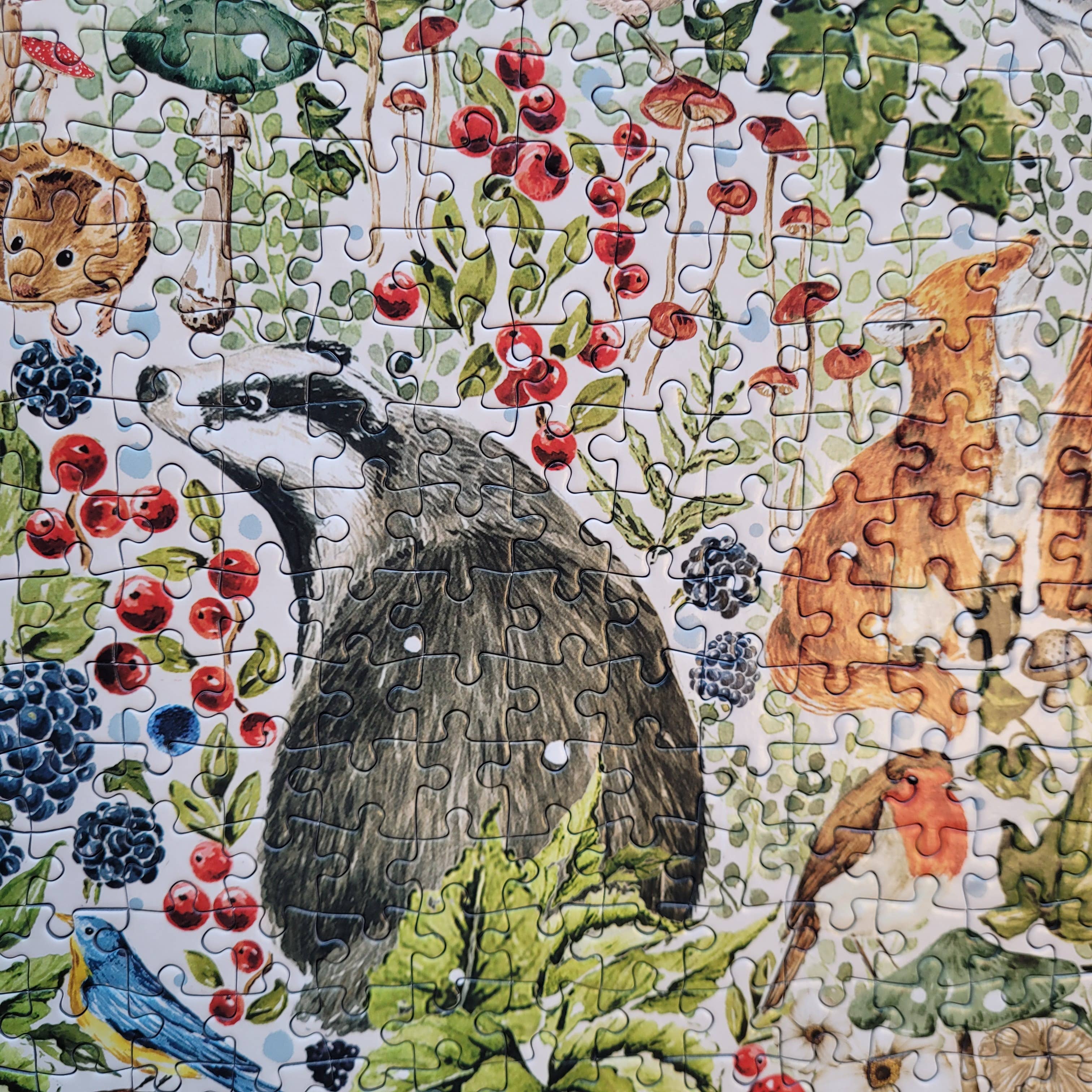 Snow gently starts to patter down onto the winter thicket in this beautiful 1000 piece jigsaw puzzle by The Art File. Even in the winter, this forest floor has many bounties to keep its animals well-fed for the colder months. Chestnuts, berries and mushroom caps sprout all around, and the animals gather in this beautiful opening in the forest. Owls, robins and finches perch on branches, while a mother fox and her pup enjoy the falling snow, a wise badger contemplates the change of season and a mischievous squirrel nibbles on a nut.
****************************************
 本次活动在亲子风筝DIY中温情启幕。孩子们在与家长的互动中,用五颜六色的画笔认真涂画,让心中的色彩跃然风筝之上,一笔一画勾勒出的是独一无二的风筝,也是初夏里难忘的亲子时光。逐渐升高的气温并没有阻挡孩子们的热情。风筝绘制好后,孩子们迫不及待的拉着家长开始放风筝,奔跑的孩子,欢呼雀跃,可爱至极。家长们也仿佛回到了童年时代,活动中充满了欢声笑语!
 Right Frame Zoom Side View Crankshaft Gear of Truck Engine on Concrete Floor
****************************************
▶ What to do
Go to the line with "本次活动在亲子风筝DIY中温" in the entries above and repeat every line from there through the line with "Right Frame Zoom", exactly and with no other text.

▶ Solved problem
 本次活动在亲子风筝DIY中温情启幕。孩子们在与家长的互动中,用五颜六色的画笔认真涂画,让心中的色彩跃然风筝之上,一笔一画勾勒出的是独一无二的风筝,也是初夏里难忘的亲子时光。逐渐升高的气温并没有阻挡孩子们的热情。风筝绘制好后,孩子们迫不及待的拉着家长开始放风筝,奔跑的孩子,欢呼雀跃,可爱至极。家长们也仿佛回到了童年时代,活动中充满了欢声笑语!
 Right Frame Zoom Side View Crankshaft Gear of Truck Engine on Concrete Floor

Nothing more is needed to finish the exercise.